* Given material *

____________________

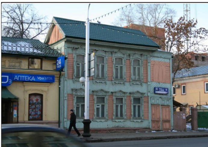
Дом Маториных. Памятник деревянного зодчества.
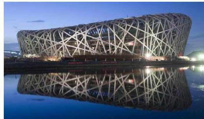
2008 奥运会主场馆.鸟巢
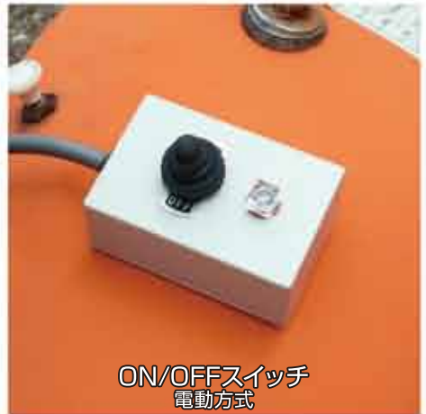
ON/OFFスイッチ 電動方式
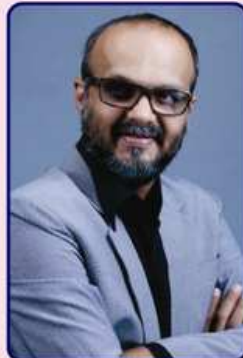
મેડ ઇન ઇન્ડીયા નાટકમાં

____________________

* Instructions for the task *
Without the pictures, write out the listing exactly as it appears above.

* Solution *
Дом Маториных. Памятник деревянного зодчества.
2008 奥运会主场馆.鸟巢
ON/OFFスイッチ 電動方式
મેડ ઇન ઇન્ડીયા નાટકમાં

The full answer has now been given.